За дверью сказали пароль, и в комнату вошел человек небольшого роста. За ним стоял кто-то еще. О чем-то зашептались.
Все молчали.
Пришедшие вскоре покинули комнату.
— Товарищи! — сказала девушка, когда те ушли. — В Варшаве объявлено военное положение. Генерал-губернатор приказал солдатам стрелять при малейшем скоплении народа!
— Товарищи! Стоит понести некоторые жертвы ради такой демонстрации! Улицы неистовствуют! — раздался голос одного из видных товарищей.
— Несомненно! — откликнулись другие голоса, как если бы жизни человеческие здесь отсчитывали, как горошины…
Я тихо спросил у своего товарища, можно ли мне выразить свое мнение. Несколько строгих взглядов устремились на меня.
— Товарищи! — сказал я. — Каждая человеческая жизнь — это святыня сама по себе, отдельный мир. Нельзя делать ставку на чью бы то ни было жизнь, как бы священна ни была цель, ради которой такая ставка делается. Я властен только над своей жизнью, но ни в коем случае не над чужой…
На меня налетели со всех сторон:
— Нам не нужна жалость!
И, может быть, они правы.
Они — путеуказчики, строители нового мира, и каждый — всего лишь кирпич, нужный для строительства этого мира. А я — разбитый, нищий певец, я в каждом человеке вижу индивидуума, отдельный мир сам по себе… Мне неохота больше говорить.
Товарищ увел меня отсюда.
Я долго бродил по улицам, много раз меня останавливали, проверяли паспорт, то и дело попадались навстречу патрули, которые вели людей в участок. Я носился как сумасшедший, но в конце концов добрался до своего жилища…
Поднялся по высокой темной лестнице. И в сердце и в голове стучало:
— Завтра — к Павиаку!
Уставший, я повалился на кровать и долго-долго смотрел в ночную тьму. Кажется, о чем-то думал.
Но о чем — не помню.
Понедельник.
Солнце глядело в окошко, заливая светом мое убогое жилище, и сердце нехотя заволновалось.
— Вставай!
Меня будто снесло с лестницы. Вышел на улицу. Лавки закрыты, витрины заколочены. Люди толпами бродят по тротуарам, спокойно, сдержанным шагом, держась за руки, плечо к плечу. И кажется, что во всей этой массе людей живет одна душа, душа единства…
Подходит человек, молвит слово и исчезает. Никто не знает, как и почему, но люди уже сошли с тротуара, заняли улицу и шагают.
Две шеренги высоких домов тянутся по обеим сторонам улицы и теряются где-то далеко в тумане. А между обеими шеренгами — народ, море голов.
А над морем плывет, словно парус, красное знамя и указует путь.
Не золотом тканное, не богато украшенное — это рабочее знамя. Темной ночью во мраке погреба мать-Нужда сучила нитку, сестра-Чахотка (с табачной фабрики) заправила нитку в станок, а братец-Голод ткал полотнище знамени.
В кровь макали нитки, в кровь убитых, в кровь нищих, затравленных нуждой и безысходной бедностью.

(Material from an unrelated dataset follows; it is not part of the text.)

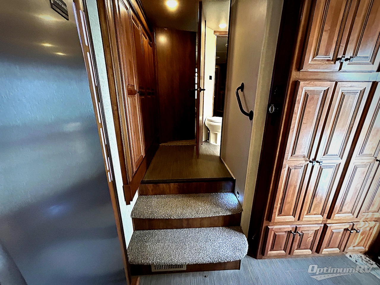 Head up the steps to a side aisle bath. The bath is on your right at the top of the stairs featuring a shower with seat, toilet, vessel sink, medicine cabinet, and linen storage. Along the road side wall there is a slide out beginning in the hallway with a large closet/wardrobe.

Развевайся, шуми над морем голов, Нищета! Оттачивай слово свое и кинь его людям в лицо! Слово сильное и твердое, как молот твой, как рука твоя!
Из тысяч грудей — один зов, один крик, один глас: «Клятва», как слово божье, как вихрь, вырвавшийся из скопища ветров, несется по улице. Отдельного человека не стало: каждый сделался частью, частицей того большого, что в пламени единения необычайной, неведомой силой слито в единое целое.
Празднуй, беднота, свой праздник, свой красный праздник — праздник твоих убиенных!
Появились солдаты.
Рота. На минуту они остановились. Остановилось на минуту и шествие. Как будто ничего не произошло: массы слились и притихли. Две силы с минуту смотрели одна другой в лицо.
Еще не знали, началось ли уже… Еще не поняли, что случилось. Какой-то ветер пронесся над нашими головами.
«Тр-р-рах-х-х!..»
То в одном, то в другом месте люди пригнулись к земле, так что в море голов образовались провалы.
«Тр-р-рах-х-х-х!»
Ветер сорвал с меня шляпу.
Мой товарищ Аврам клонится книзу.
— Что с тобой?
Не отвечает.
— Ищешь что-нибудь?
Ноги его скользят по мостовой.
Наклоняюсь, щупаю… Что-то течет у меня по руке,
— Что такое?
Кто-то повалился на меня.
Моя голова упала на что-то мягкое…
Очень темно в глазах…
Среда.
Раннее утро.
Мир еще погружен в полумрак, то тут, то там из тумана высвобождаются ряды высоких домов — улица.